What’s more difficult is the static reporting. So, one of my key reports is a shift-level view of the LPAR layout of a machine. In the example I’ve given, it had a hard time getting it right. For example, the weights for individual LPARs’ VH processors go wrong. (The weight of a full processor worked in this case – but only because the total pool weight and number of physical engines didn’t change. Which isn’t always the case.)

To improve the static reporting I could report ranges of values – but that gets hard to consume and, besides, just tells you things vary but not when and how. The answer lies somewhere in the region of knowing when the static report is wrong and then turning to a dynamic view.

In particular, I need to augment my pool-level time-of-day graphs with a stack of the LPARs’ weights.
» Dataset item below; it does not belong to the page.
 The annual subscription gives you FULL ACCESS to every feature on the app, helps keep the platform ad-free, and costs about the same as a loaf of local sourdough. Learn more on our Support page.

This would help in at least two ways:

  • It would show when weights were adjusted – perhaps shifting from one LPAR to another.
  • It would show when LPARs were activated and de-activated.

A design consideration is whether the weights should stack up to 100%. I’ve come to the conclusion they shouldn’t – so I can see when the overall pool’s weight changes. That reveals more structure – and I’m all for not throwing away structure.
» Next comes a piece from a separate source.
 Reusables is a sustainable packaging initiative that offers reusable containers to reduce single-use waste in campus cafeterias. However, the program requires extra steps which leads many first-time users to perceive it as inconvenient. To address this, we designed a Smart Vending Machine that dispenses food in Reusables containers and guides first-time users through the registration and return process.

Here’s what such a graph might look like:

In this spreadsheet-driven mockup I’ve ensured the “now you see them now you don’t” LPARs are at the top of the stack.

I don’t know when I will get to this in Production code. As now is a particularly busy time with customer studies I probably should add it to my to-do list. But I’ll probably do it now anyway… 🙂

Head Scratching Time

In this set of data there was another phenomenon that confused me.

One LPAR had twelve GCPs online. In some intervals something slightly odd was happening. Here’s an example, from a single interval:

  • Logical Processors 0–4 had polar weights (from SMF70POW as calculated in Engineering – Part Two – Non-Integer Weights Are A Thing) of 68.9. (In fact there was a very slight variation between them.)
  • Logical Processor 5 had a polar weight of 52.9.
  • Logical Processor 6 had a polar weight of 12.6.
  • Logical Processors 7 to 11 had polar weights of 0.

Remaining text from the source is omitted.